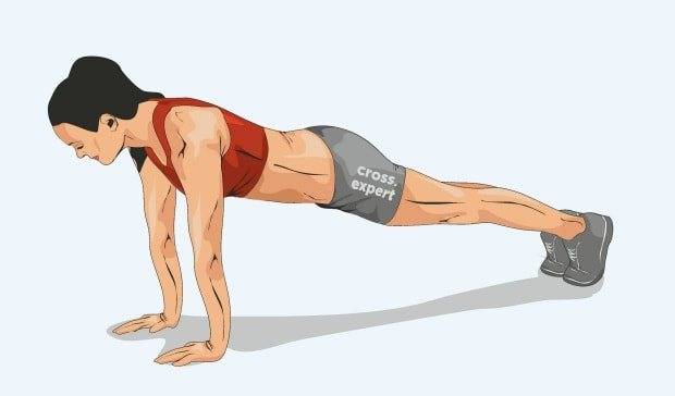 Теперь – облегченное упражнение, для тех, кому сразу не по плечу классика. Этот вариант отличается от стандартного тем, что не нужно отжиматься от пола:
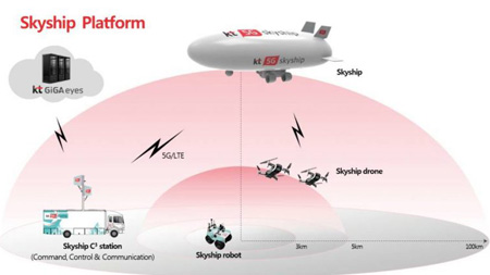 2018 年 7 月時,韓國電信公司(KT) 推出SKYSHIP平台服務。SKYSHIP平台會透過專用飛機和行動通訊中心來遠端操控無人機
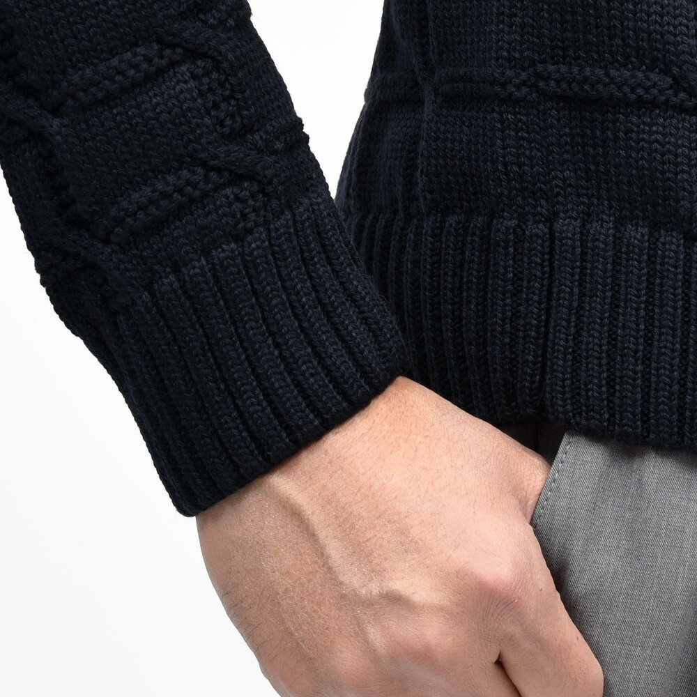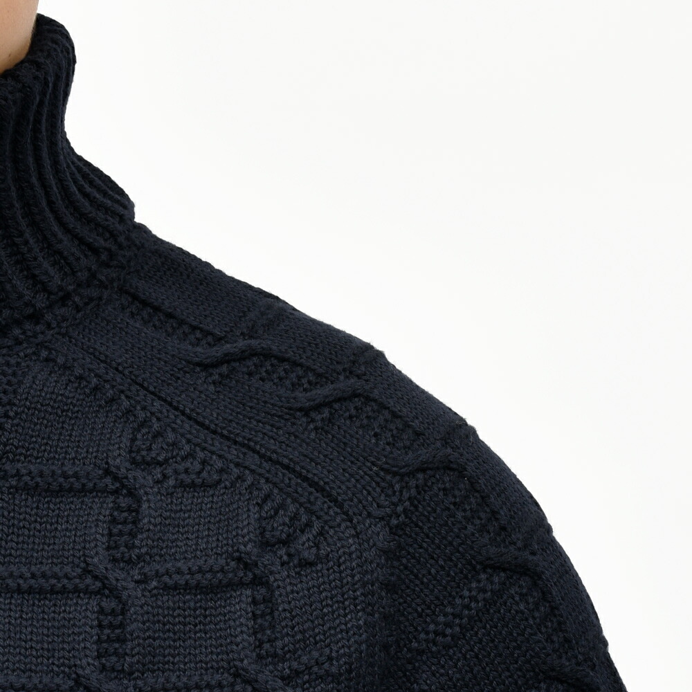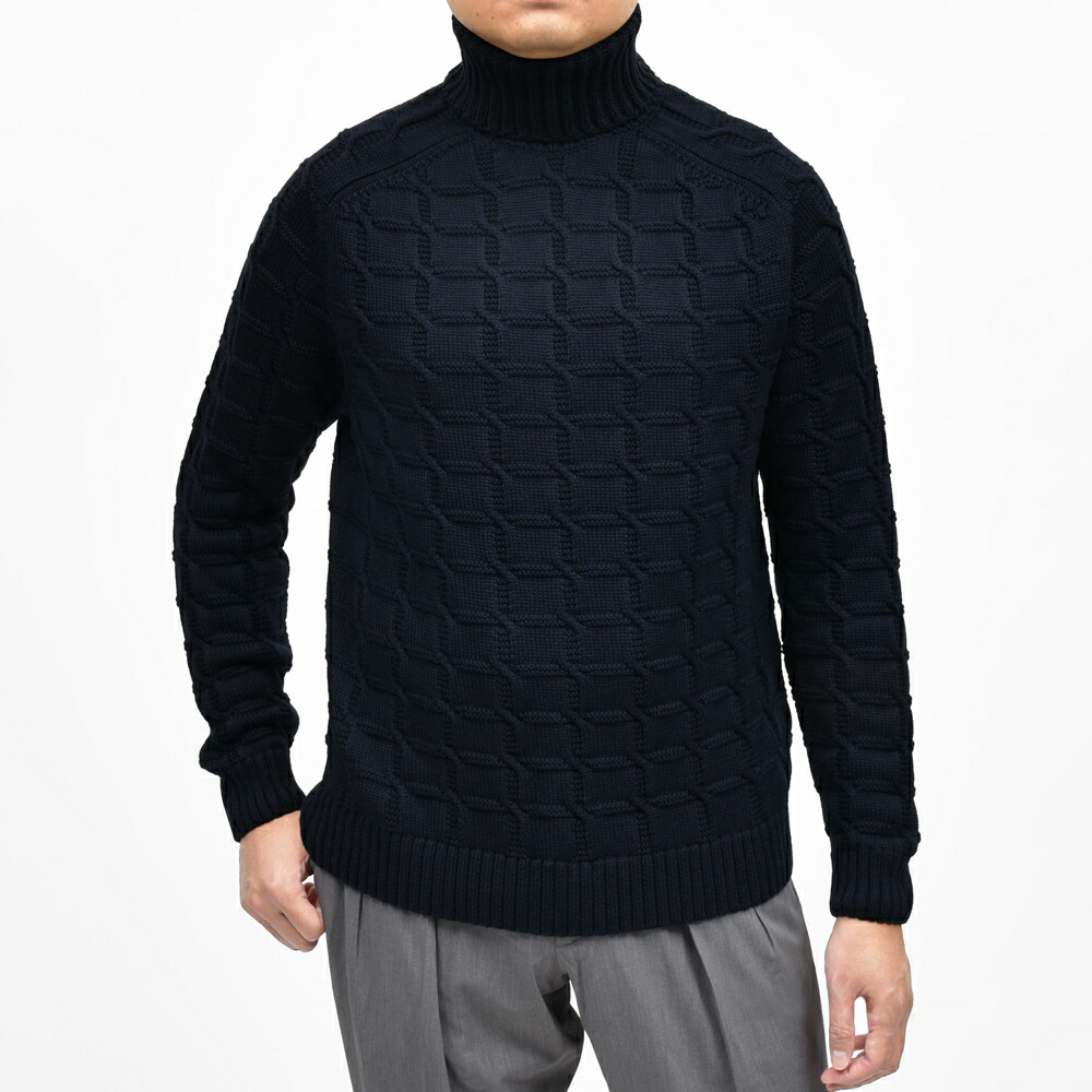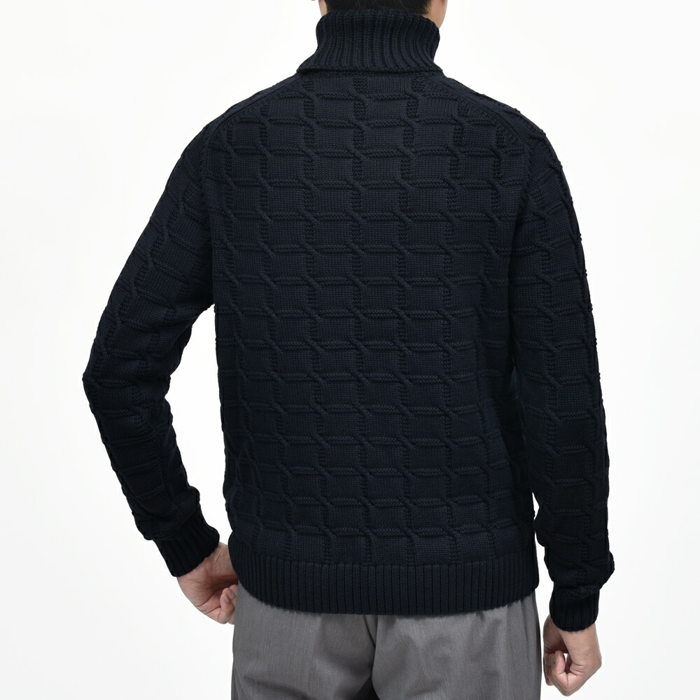 ZANONE(ザノーネ)らしい編地でチェックを表現しているタートルネックニットですが、ケーブル編みの意匠も少し取り入れられており、オリジナリティの伴った立体感が表現されています。
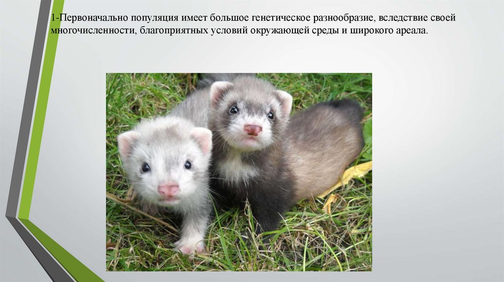 1-Первоначально популяция имеет большое генетическое разнообразие, вследствие своеймногочисленности, благоприятных условий окружающей среды и широкого ареала.
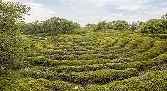 The stone labyrinths of Bolshoi Zayatsky Island are a group of 13 or 14 labyrinths on Bolshoy Zayatsky Island, one of the Solovetsky Islands in Arkhangelsk Oblast, Russia. Lacking standard archaeological study, a research group from Saint Petersburg theorize that the labyrinths are about 2500 years old, according to their orientation, their supposed ritual use, and changes in the direction of the zenith on the solstice throughout history.[1] Most researchers doubt that they are that old; the vast majority of labyrinths in this area date at the earliest to the Middle Ages.[2]
_ _ _ _
→ **Work task**
Before copying the material, set its pictures aside; then transcribe it word for word.

→ **Solved problem**
 Теперь – облегченное упражнение, для тех, кому сразу не по плечу классика. Этот вариант отличается от стандартного тем, что не нужно отжиматься от пола:
 2018 年 7 月時,韓國電信公司(KT) 推出SKYSHIP平台服務。SKYSHIP平台會透過專用飛機和行動通訊中心來遠端操控無人機
 ZANONE(ザノーネ)らしい編地でチェックを表現しているタートルネックニットですが、ケーブル編みの意匠も少し取り入れられており、オリジナリティの伴った立体感が表現されています。
 1-Первоначально популяция имеет большое генетическое разнообразие, вследствие своеймногочисленности, благоприятных условий окружающей среды и широкого ареала.
 The stone labyrinths of Bolshoi Zayatsky Island are a group of 13 or 14 labyrinths on Bolshoy Zayatsky Island, one of the Solovetsky Islands in Arkhangelsk Oblast, Russia. Lacking standard archaeological study, a research group from Saint Petersburg theorize that the labyrinths are about 2500 years old, according to their orientation, their supposed ritual use, and changes in the direction of the zenith on the solstice throughout history.[1] Most researchers doubt that they are that old; the vast majority of labyrinths in this area date at the earliest to the Middle Ages.[2]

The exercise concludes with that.